▶ **Task goal**:
Dropping every picture, set down exactly the lines in the entries below, starting with the line with "Olasz, libbenős pamut" and going on through the line with "배우 김지호가 고성에".

▶ **Extracted records**:
= Beginning of Section =

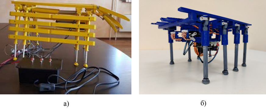 На основе метода физического моделирования в соответствии с ГОСТ Р 70023-2022 были разработаны конструктивные технические решения и обоснованы принципы работы и параметры самопередвигающейся крепи [27]. Для проведения экспериментальных исследований процесса передвижки секций крепи были разработаны и изготовлены соответствующие физические модели: с ручным управлением в масштабе 1:10 (рис. 2, а) и модель, воспроизводящая процесс передвижки секций в автоматическом режиме, в масштабе 1:25 (рис. 2, б).
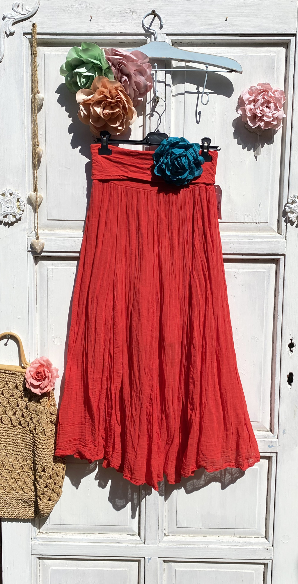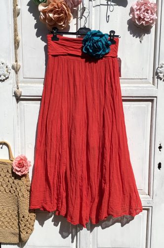 Olasz, libbenős pamut gyűrt szoknya, piros színben:))
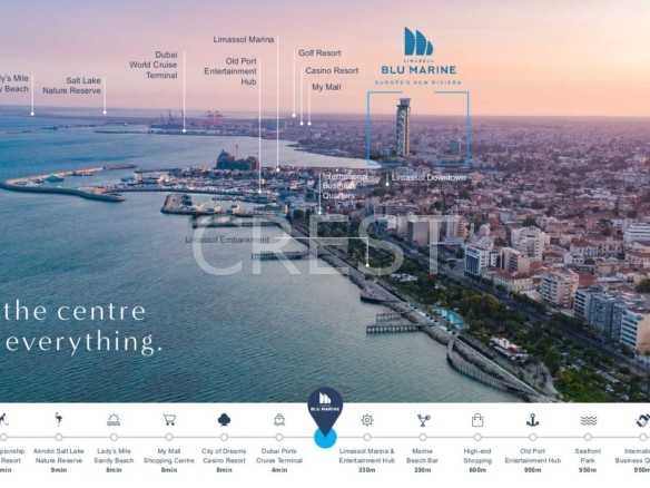 is a stunning property located in the Poseidon Tower of Limassol Blu Marine, an exclusive waterfront development located in the new Center of Limassol, Cyprus. It is situated close to Limassol Marina and the old town shopping and business center, making it a convenient and desirable location.
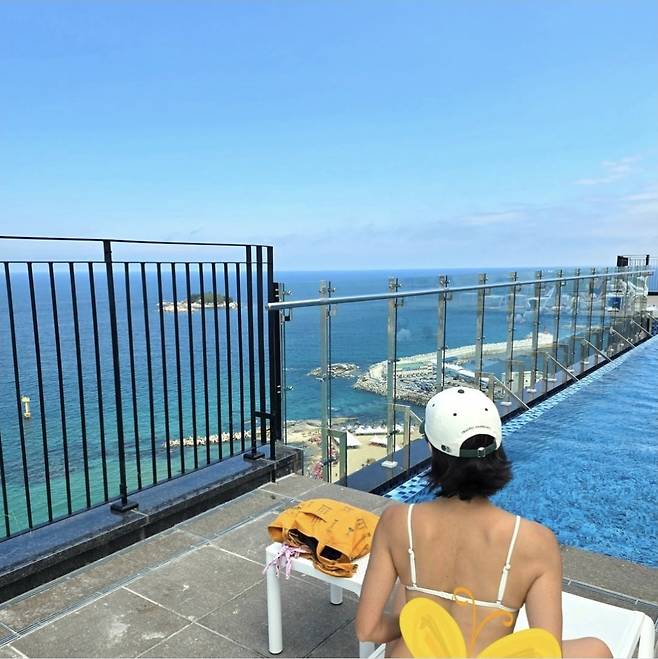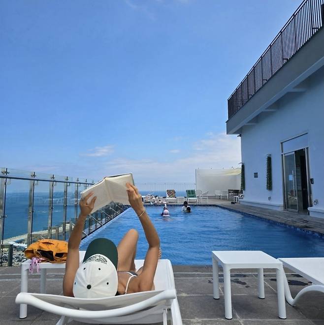 배우 김지호가 고성에 위치한 인피니티 풀에서 즐긴 여름휴가 컷을 공개해 눈길을 끌었습니다.
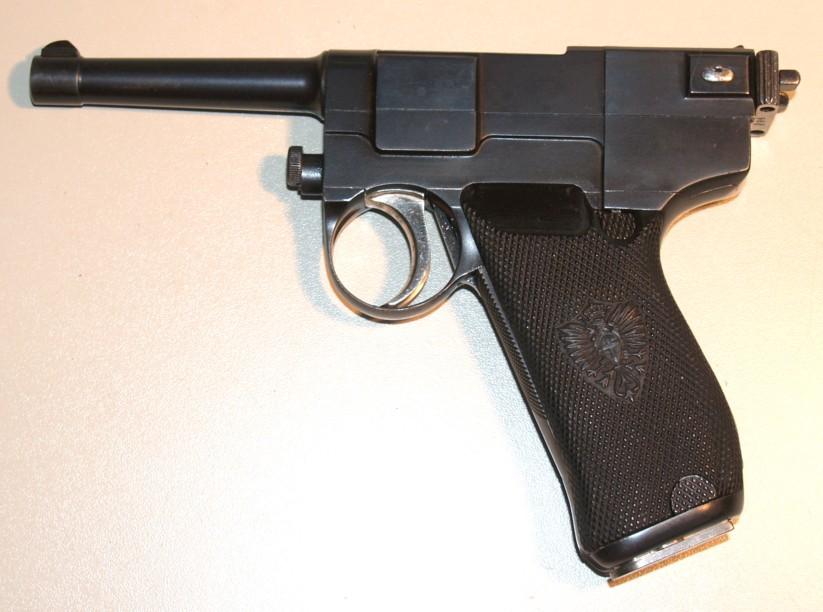 The Ordnance Board adopted the 1906 (under a different name) and ordered a small quantity of pistols. Later on, considering that the 7.65 caliber was not suitable for military use, a challenge was organized with a view to adopting a 9 mm pistol.

= End of Section =

▶ **Answer section**:
 Olasz, libbenős pamut gyűrt szoknya, piros színben:))
 is a stunning property located in the Poseidon Tower of Limassol Blu Marine, an exclusive waterfront development located in the new Center of Limassol, Cyprus. It is situated close to Limassol Marina and the old town shopping and business center, making it a convenient and desirable location.
 배우 김지호가 고성에 위치한 인피니티 풀에서 즐긴 여름휴가 컷을 공개해 눈길을 끌었습니다.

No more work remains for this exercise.